Experian is facing calls to sack chief executive Brian Cassin following what is claimed to be the company’s 100th data breach, which has seen the business expose the personal details of more than 15 million American T-Mobile customers.
US privacy group Fight for the Future has launched a petition after hackers breached a system at the credit reporting agency, which had processed applications for the mobile phone giant.
The data stolen includes names, addresses, birth dates, social security numbers, drivers licence numbers and passport numbers.
The group maintains that Experian – which is based in Dublin – has been spending money on lobbying US Congress rather than beefing up its own security measures.
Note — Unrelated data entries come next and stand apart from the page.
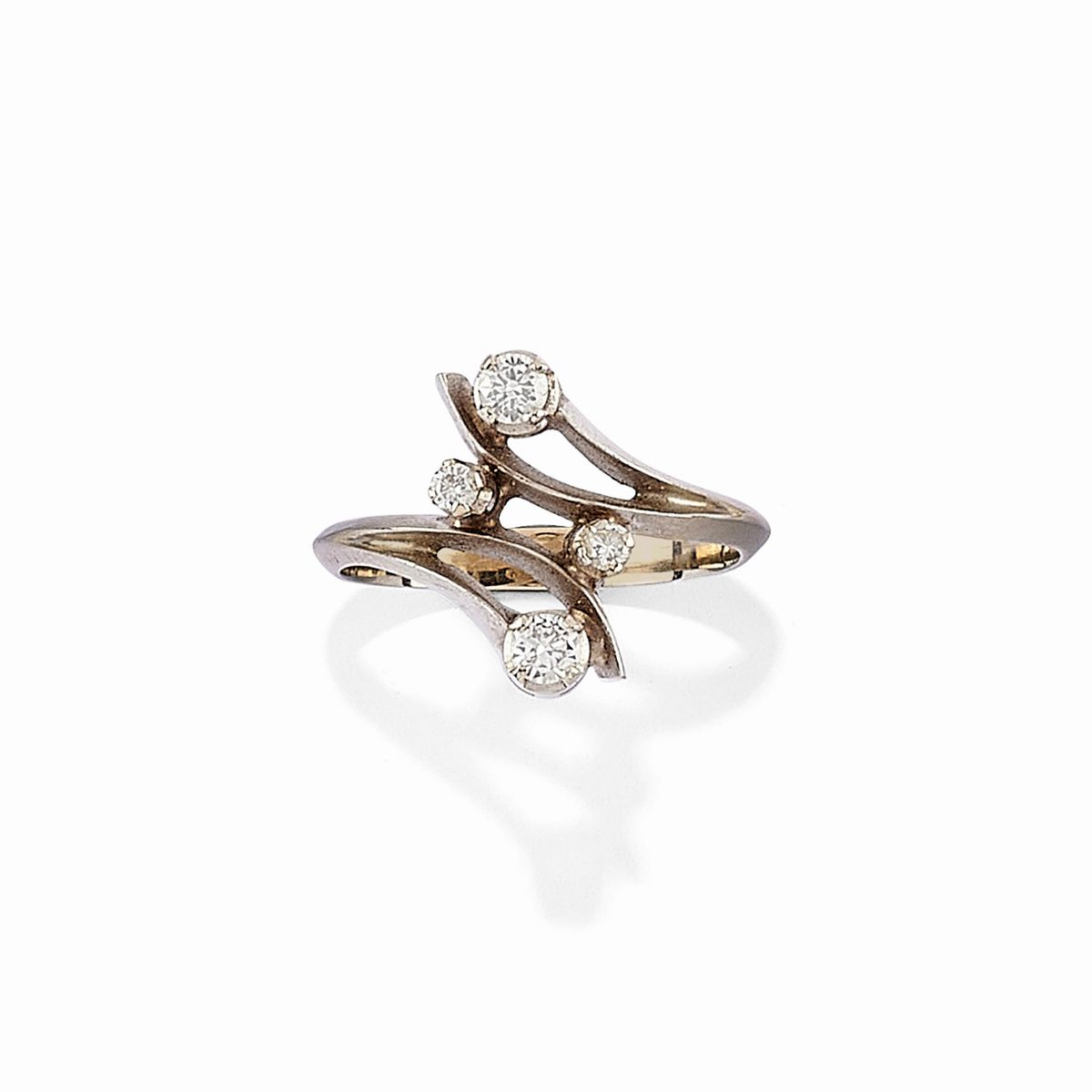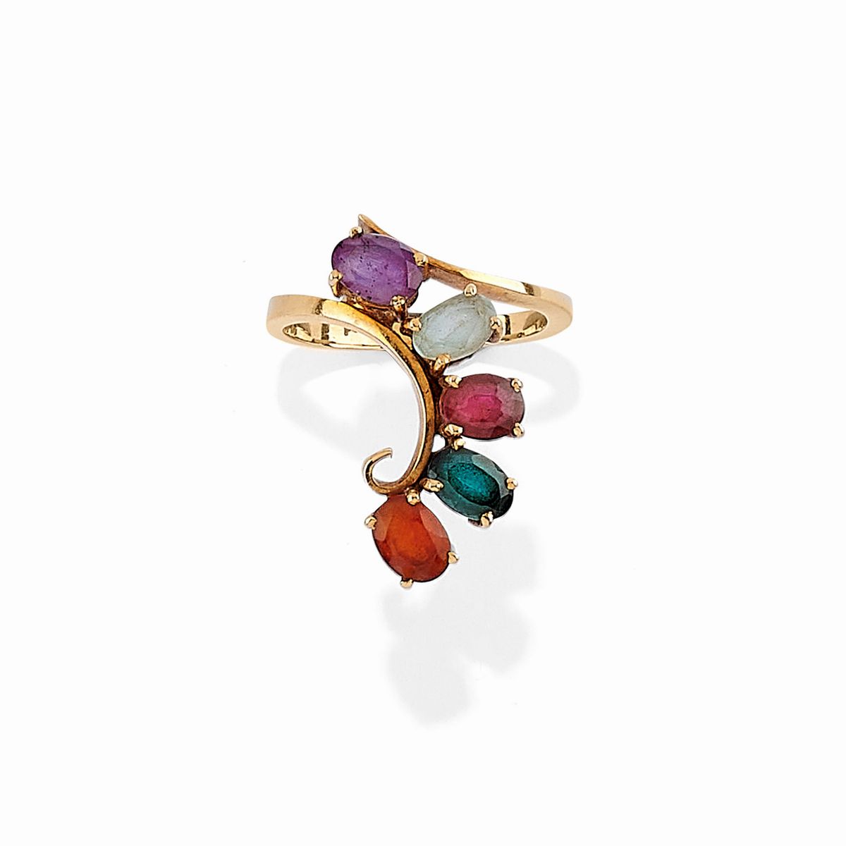 in oro bicolore 18K, uno con diamanti taglio brillante per totale ct 0,25 circa, l'altro con pietre colorate taglio ovale, di forme stilizzate.
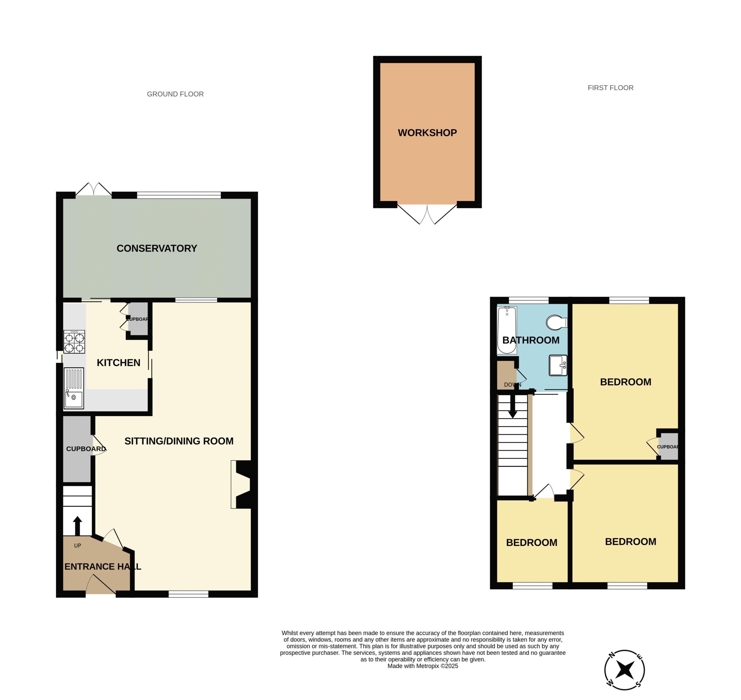 Predominantly gravelled front garden. Fully enclosed garden to the rear with courtyard large timber and insulated workshop – 12′ 0” x 8′ 5” (3.65m x 2.56m) and rear pedestrian access.
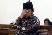 Terdakwa korupsi proyek Dinas PUPR Lampung Selatan Zainudin Hasan menjalani sidang pembacaan putusan di Pengadilan Tipikor, Bandar Lampung, Lampung, Kamis (25/4/2019). Majelis hakim memvonis Zainudin Hasan dengan hukuman dua belas tahun penjara dan denda Rp500 juta subsider lima bulan kurungan karena terbukti melakukan tindak pidana korupsi. ANTARA FOTO/Ardiansyah/pras.
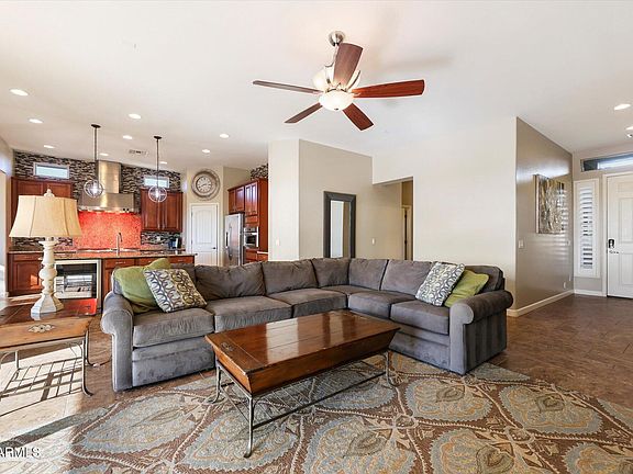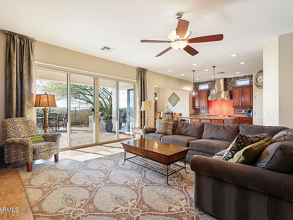 A rare home that shows better in person! Nestled on a 12,370 sq ft lot, this stunning Evolution Next Gen home offers a unique opportunity. The versatile floor plan includes a private two-bedroom casita w/its own entrance, kitchen, washer/dryer, & attached single-car garage w/overhead storage. Inside, the expansive open great room w/soaring ceilings connects to two guest rooms & a spacious Owner's Suite. The chef-inspired kitchen features a large island, gas cooking, dble ovens, & walk-in pantry. Outside, enjoy tranquil sunsets, ultimate privacy, & sweeping preserve views from the backyard. It is complete w/built-in gas BBQ, firepit, pavers, putting green, & bistro lights for effortless entertaining. Recent updates include exterior paint, water softener & water heater all new in 2024. Hanging storage in garage with overhead storage and epoxy flooring. Located in a secure, guard-gated community with parks, playgrounds, walking/biking trails, and breathtaking mountain views. Convenient to shopping, dining and freeways.
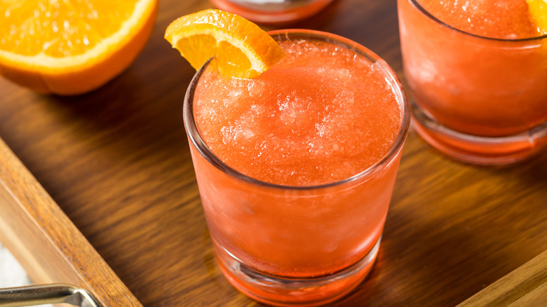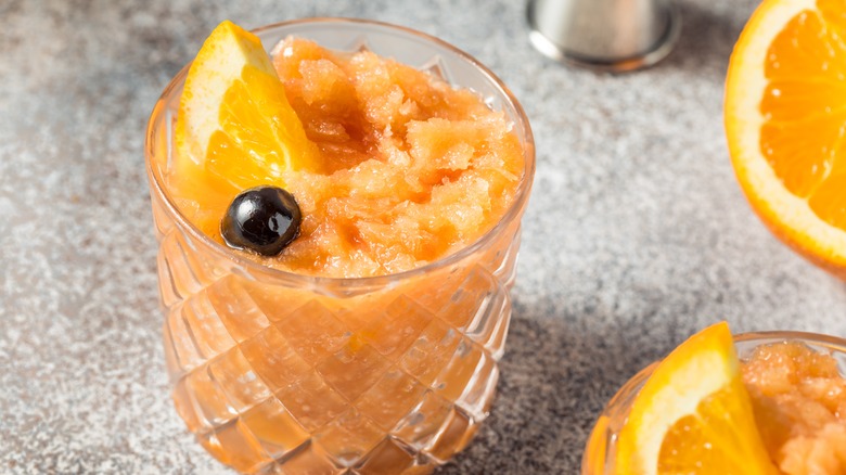 Even if the flavor is the main attraction, a soupy texture can ruin an otherwise delicious drink. Goldstein recommends "using ingredients like wine, liqueurs, and creams." That way, you're more likely to get a consistently creamy texture throughout, and the drink won't be too strong. Our creamy frozen watermelon cocktail fits the bill perfectly. When asked what his favorite flavor pairings were for frozen cocktails, Goldstein said, "It's all very subjective ... but a few of my personal favorites are watermelon and rosé wine, orange and mezcal, and coffee and rum."
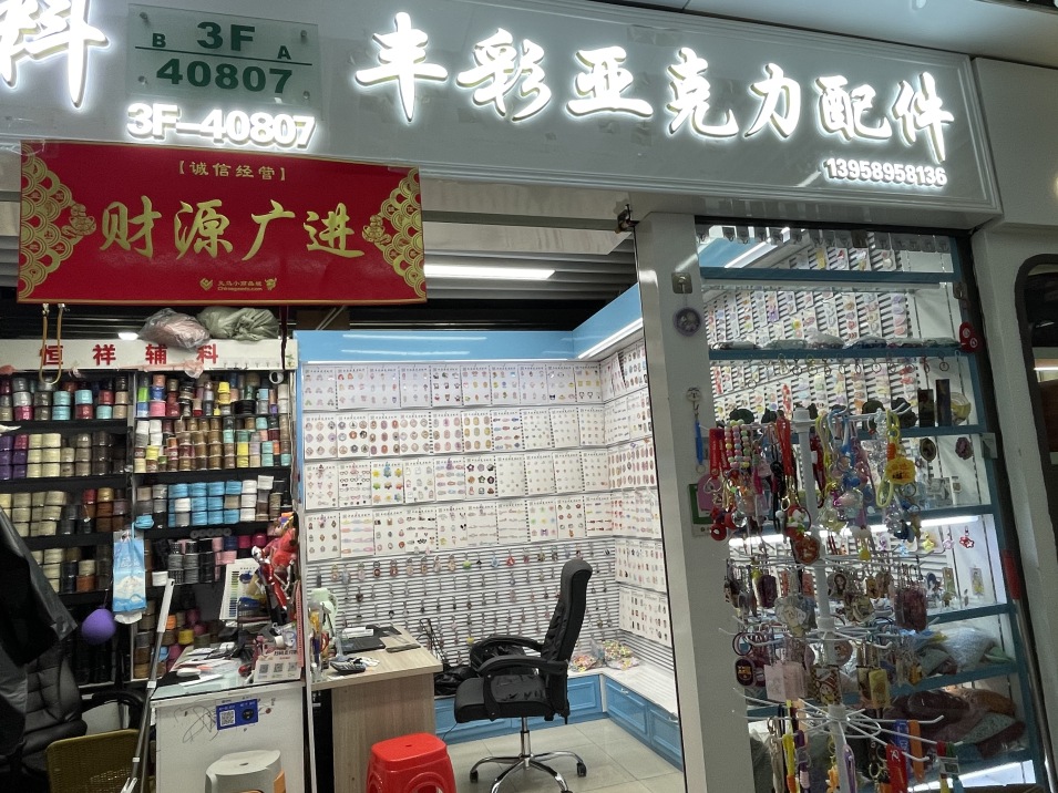 商铺介绍: 该商铺位于义乌国际商贸城四区77门3楼4街40807B,经营大类: 线带,面积: 7.0平方,主营商品: 亚克力,配件,饰品配件,钥匙圈,钥匙扣,挂件,动漫,头饰配件,发饰配件 详细
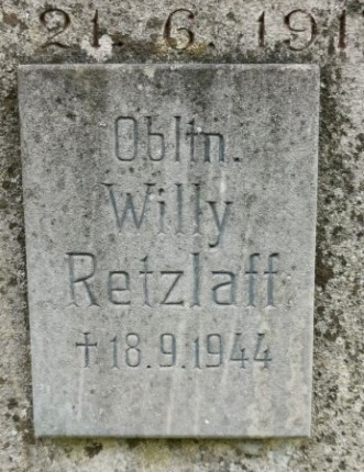 Erinnerungstafel an Grabkreuz von Musketier Werner Retzlaff |
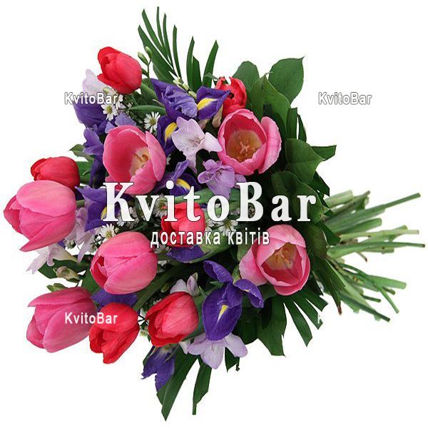 Букет із 11 тюльпанів і 10 ірисів
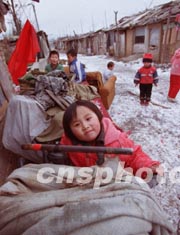 在北京務工的外地菜農(nóng)的孩子二月在寒假快樂地游戲,孩子們即將迎來新學期。作者:滿會喬
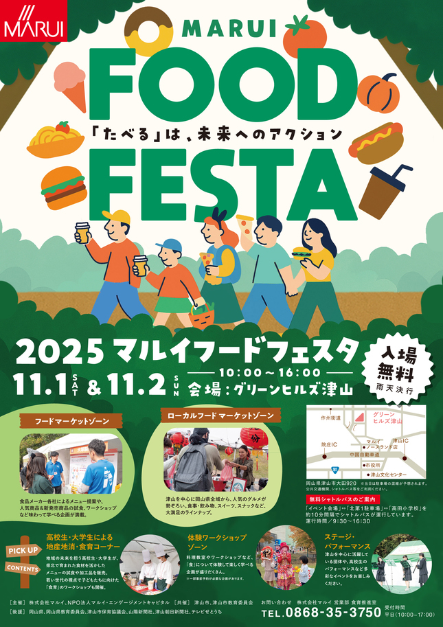 2025年11月1日・2日に「2025 マルイフードフェスタ」がグリーンヒルズ津山で開催されました。
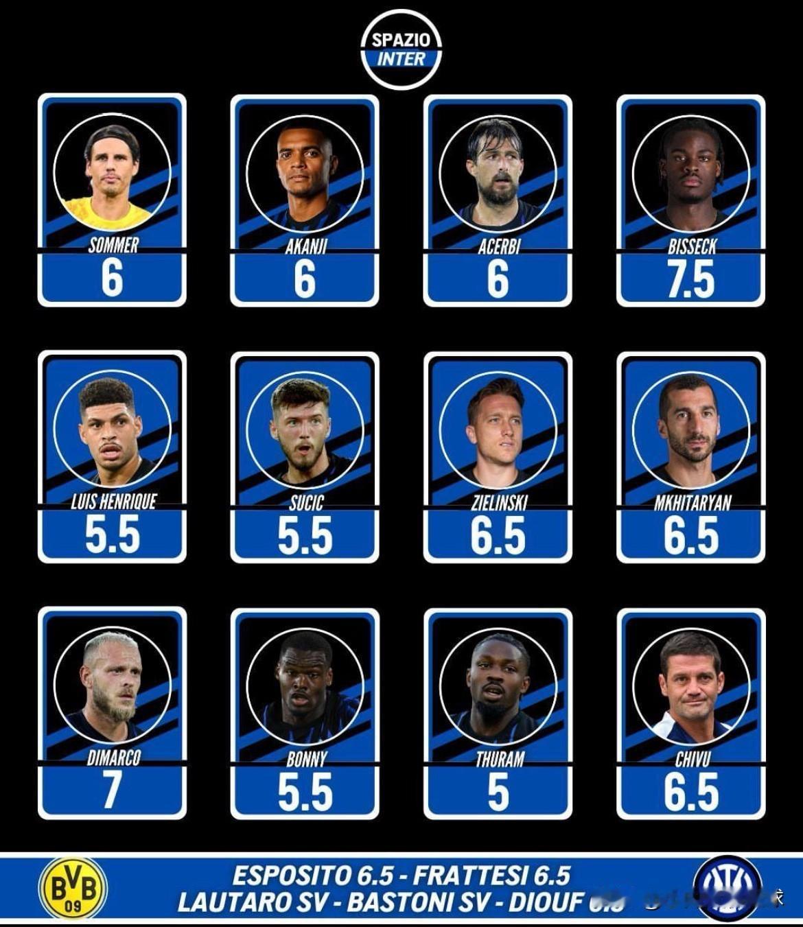 有遗憾、有惊喜!国米空间:欧冠蓝黑军团2比0多特蒙德,赛后评分! 能进能退、能左能右、全面覆盖“战神表现”的比塞克,首发出场并打满:送出63次精准传球,全场第一;完成6次解围、4次争顶,全场第一;得到最高的7.5分。 任意球直接破门的“蓝黑太子”迪马尔科,得到7分,当选本场最佳球员;替补登场,上演一条龙、打进欧冠处子球的迪乌夫,得到6.5分。 其余大部分球员,和主教练齐沃的临场指挥,表现都中规中矩,均在及格线附近。 只有“图图”有点糊涂,首发出场将近90分钟:0射门0射正、11次丢失球权、两次传中尝试均失败;如果没记错的话,本赛季截止目前的11粒进球,仅有一球是面对强队时打进的(联赛对阵尤文图斯)……,真该好好调整调整了!
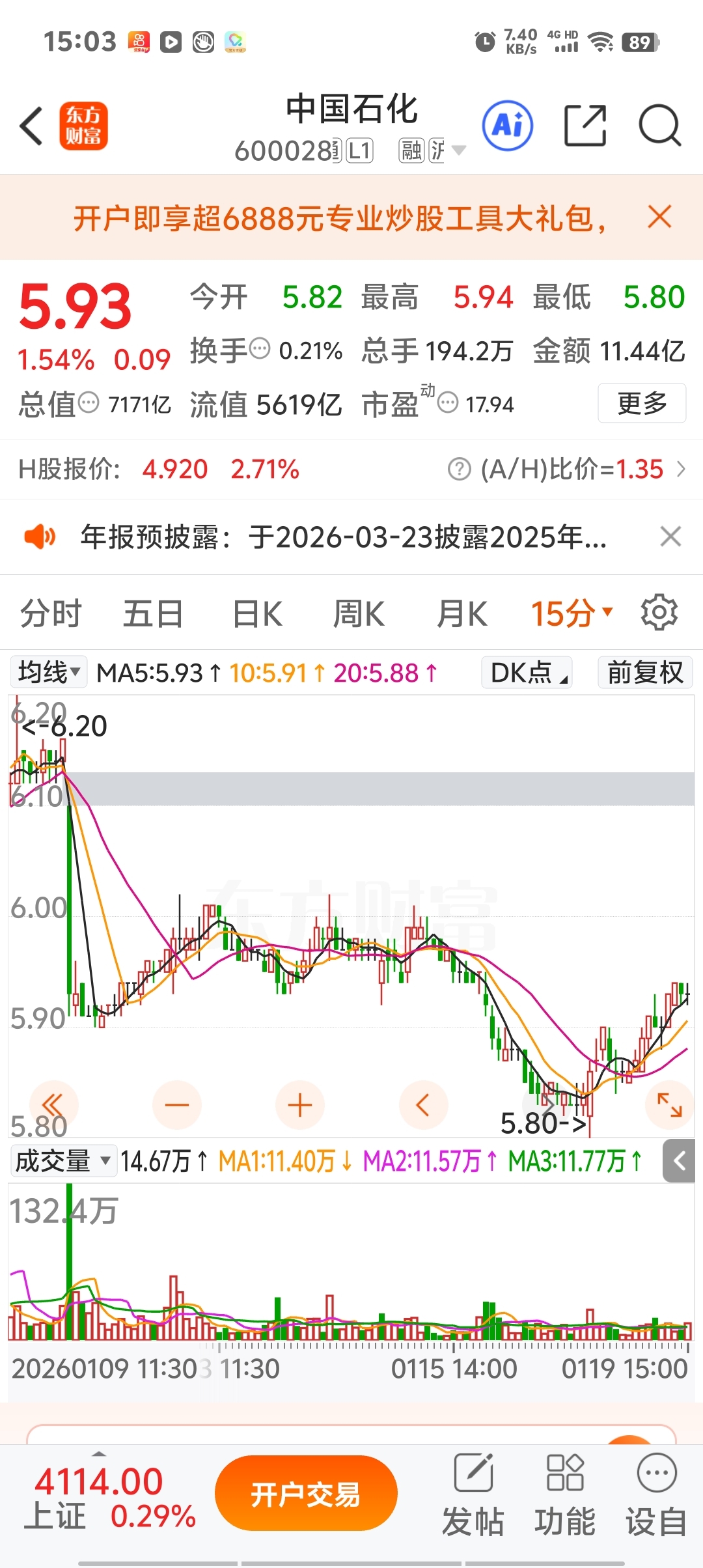 $中国石化(SH600028)$ 6.16明天补缺口,奥利给
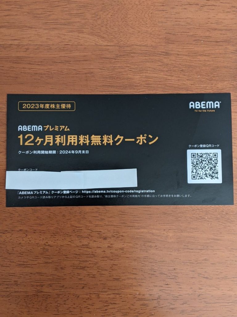ABEMAプレミアムの12ヶ月利用料無料クーポンです。

In a statement, it said: “Experian has been hacked more than 100 times, but instead of improving their inadequate digital security, they are spending money lobbying Congress to pass CISA, the Cybersecurity Information Sharing Act, a bill that may give companies like them legal immunity in the event of a hack, as long as they share data with the government.
“Experian CEO Brian Cassin has put the profits of his company above the well-being of his customers and our nation’s cybersecurity. Why should Experian bother fixing their security when they can just lobby their way out of the messes they make?” a spokesman for the group added.
“This type of thinking is putting millions of people at risk. Cassin should resign and companies like Experian and T Mobile should take responsibility for the safety their customers’ data.”
The attack has also, perhaps unsurprisingly, infuriated the US boss of T-Mobile John Legere, who vented his anger on the company’s website. He said: “Obviously I am incredibly angry about this data breach and we will institute a thorough review of our relationship with Experian. But right now my top concern and first focus is assisting any and all consumers affected.”
Cassin was promoted to CEO last year from chief financial officer, and succeeded Don Robert, who had been in the role since 2006. Prior to that Cassin had worked in financial services at Barrings as well as Greehill & Co, where he was managing director for over a decade.